* _PROVIDED MATERIAL_:
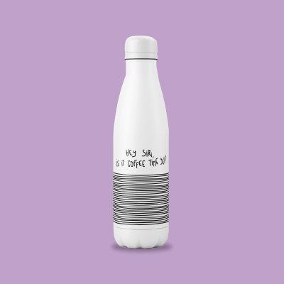 Sticlă din oțel inoxidabil "Hey Siri - is it coffee time yet?", tip EVEREST, alb, 750 ml
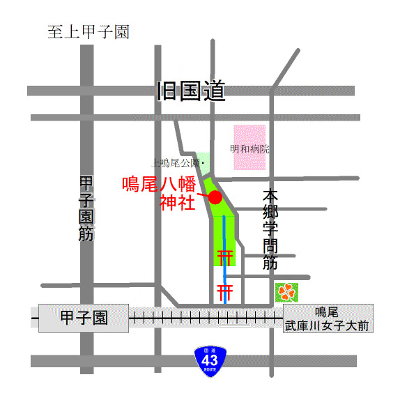 創建は後花園天皇が在位した文安年間と伝えられている。旧称は廣幡八幡宮。 文明年間には鳴尾村を含む7村の総鎮守となり、本郷の宮と称された。 また有栖川宮家より代々に渡り崇敬され、度々幣帛と御歌が寄進されている。 さらに1906年(明治39年)に公布された神社合祀令により、武庫郡鳴尾村の村社・総鎮守として、翌年から1912年(大正元年)にかけて砂浜神社など鳴尾村内の数社を合祀した。 |
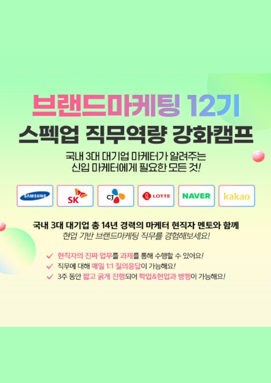 국내 3대 대기업 총 14년 경력의 현직자와 함께하는 진짜 실무 <브랜드마케팅 12기 직무역량 강화캠프>
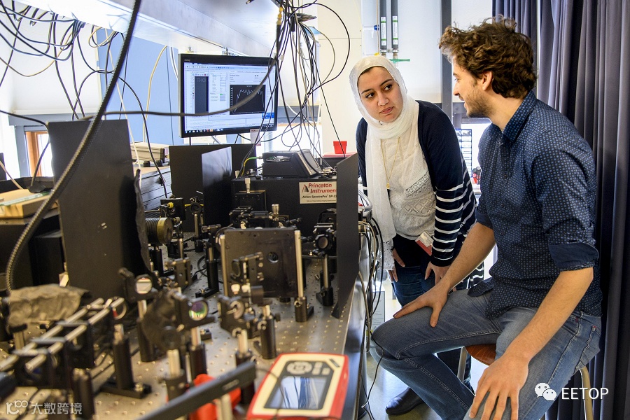 共享第一作者Elham Fadaly(左)和Alain Dijkstra(右)使用光学装置来测量发射的光。
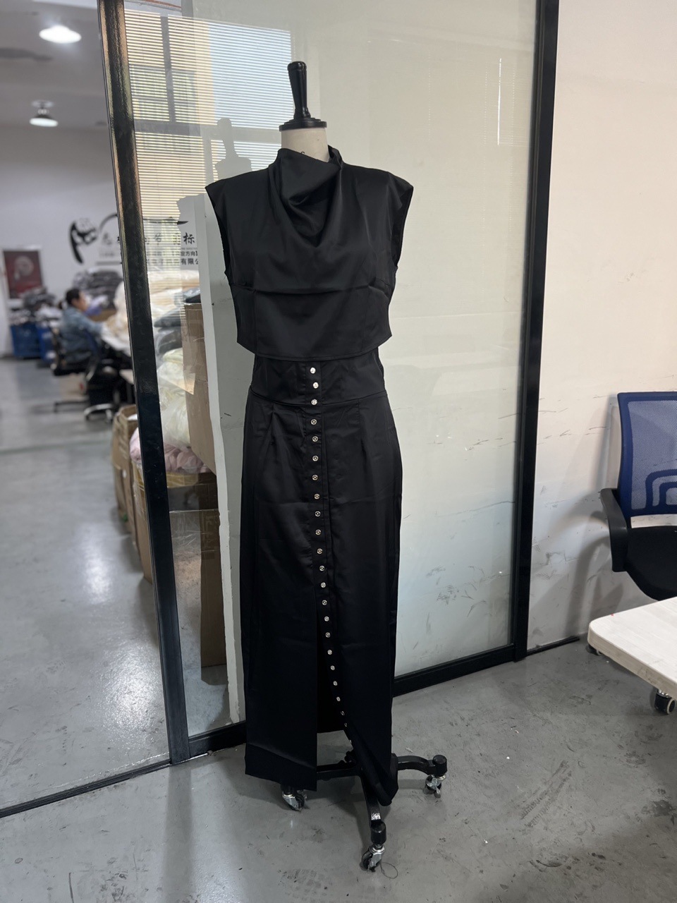 유럽과 미국의 국경 2025 봄과 여름 여성 패션 캐주얼 세트 우아한 가슴 최고 치마 세트 여성스토어 가기
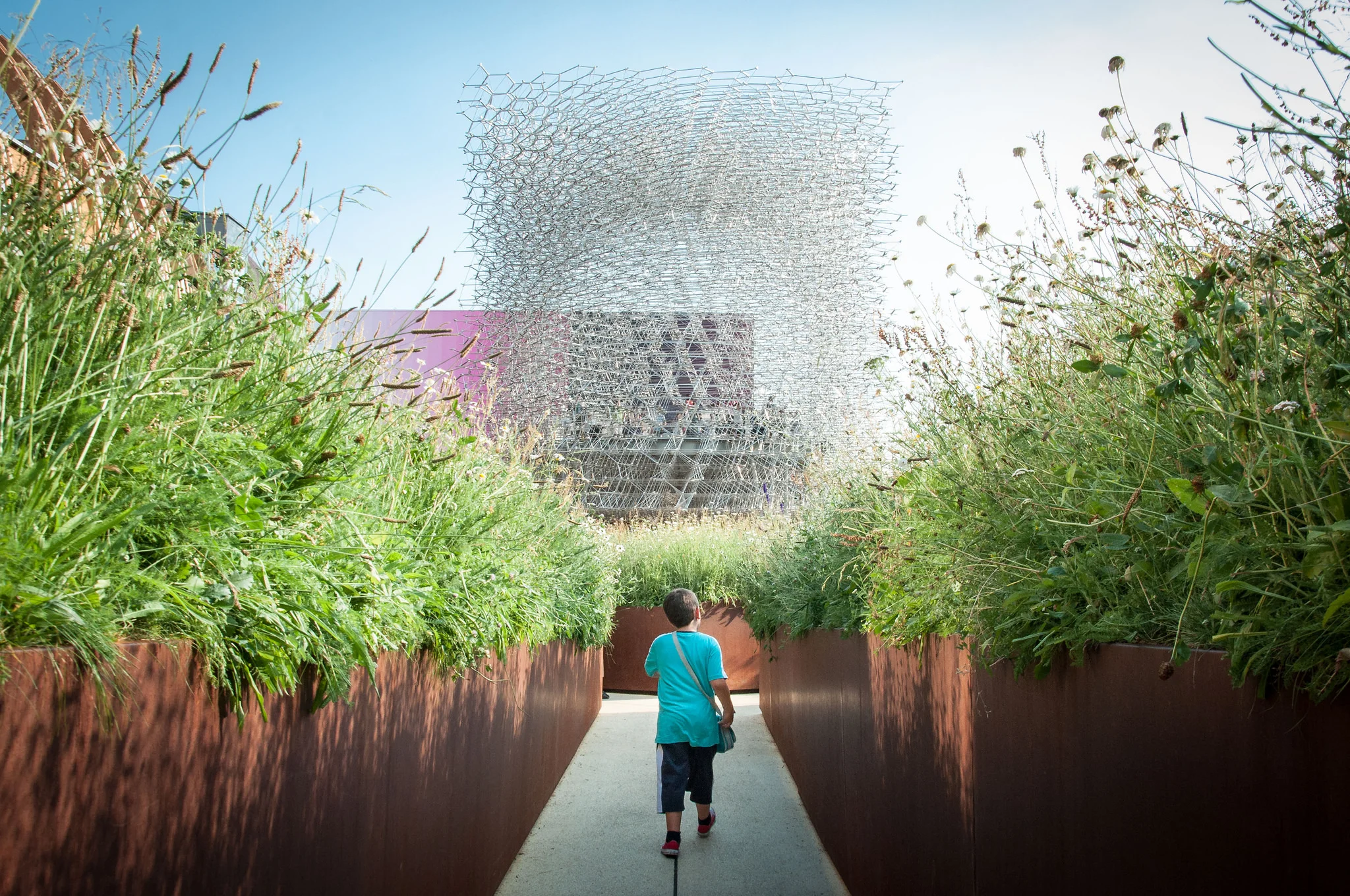 A young visitor walks towards the main building of the UK Pavilion at Expo 2015 Milan. Photo: © USC Center on Public Diplomacy, 2015. (CC BY-NC-ND 2.0)
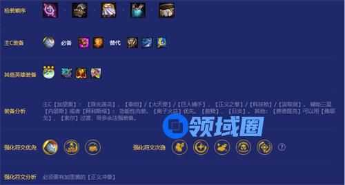 主C【加里奥】: 【珠光莲花】,【泰坦】/【大天使】/【巨人捕手】,【正义之拳】/【科技枪】/【汲取剑】。 辅助三星【内瑟斯】或者【阿利斯塔】: 功能性肉装。【离子火花】优先。【救赎】、【日炎】。 其他:【费德提克】可以用【佛耶戈】、【索尔】过渡,带多余法强装备。
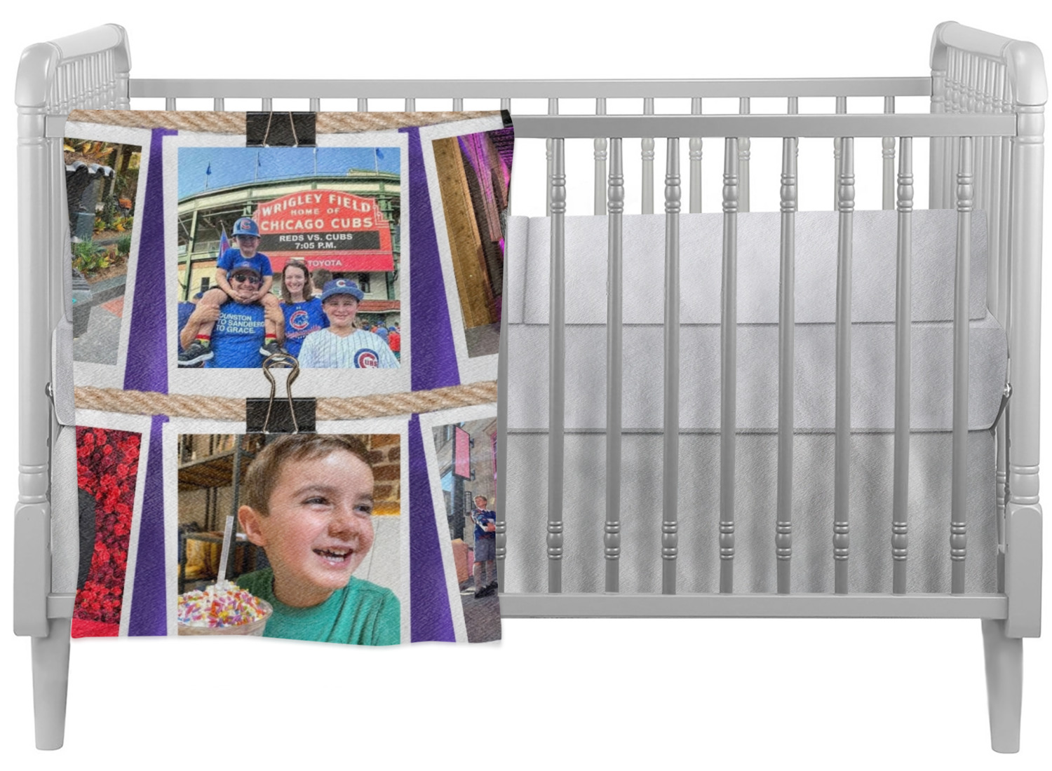 These crib comforters are printed, cut, and sewn by hand, right here in the USA. These blankets are made of two fabrics to provide two different, luxurious textures. The front is crafted from a plush, minky-like fabric, and displays your personalized design in bright colors. The back of these custom baby quilts are made of 320-count cotton sateen and can either be black or white in color, depending on your choice. Each comforter is stuffed with a down alternative to give your young one the maximum comfort while he or she sleeps. We also provide you with the option of customizing these baby quilts horizontally or vertically.

* _YOUR INSTRUCTIONS_: Every entry in the listing is to be duplicated precisely, except for its pictures.

* _OUTPUT OF THE EXERCISE_:
 Sticlă din oțel inoxidabil "Hey Siri - is it coffee time yet?", tip EVEREST, alb, 750 ml
 創建は後花園天皇が在位した文安年間と伝えられている。旧称は廣幡八幡宮。 文明年間には鳴尾村を含む7村の総鎮守となり、本郷の宮と称された。 また有栖川宮家より代々に渡り崇敬され、度々幣帛と御歌が寄進されている。 さらに1906年(明治39年)に公布された神社合祀令により、武庫郡鳴尾村の村社・総鎮守として、翌年から1912年(大正元年)にかけて砂浜神社など鳴尾村内の数社を合祀した。 |
 국내 3대 대기업 총 14년 경력의 현직자와 함께하는 진짜 실무 <브랜드마케팅 12기 직무역량 강화캠프>
 共享第一作者Elham Fadaly(左)和Alain Dijkstra(右)使用光学装置来测量发射的光。
 유럽과 미국의 국경 2025 봄과 여름 여성 패션 캐주얼 세트 우아한 가슴 최고 치마 세트 여성스토어 가기
 A young visitor walks towards the main building of the UK Pavilion at Expo 2015 Milan. Photo: © USC Center on Public Diplomacy, 2015. (CC BY-NC-ND 2.0)
 主C【加里奥】: 【珠光莲花】,【泰坦】/【大天使】/【巨人捕手】,【正义之拳】/【科技枪】/【汲取剑】。 辅助三星【内瑟斯】或者【阿利斯塔】: 功能性肉装。【离子火花】优先。【救赎】、【日炎】。 其他:【费德提克】可以用【佛耶戈】、【索尔】过渡,带多余法强装备。
 These crib comforters are printed, cut, and sewn by hand, right here in the USA. These blankets are made of two fabrics to provide two different, luxurious textures. The front is crafted from a plush, minky-like fabric, and displays your personalized design in bright colors. The back of these custom baby quilts are made of 320-count cotton sateen and can either be black or white in color, depending on your choice. Each comforter is stuffed with a down alternative to give your young one the maximum comfort while he or she sleeps. We also provide you with the option of customizing these baby quilts horizontally or vertically.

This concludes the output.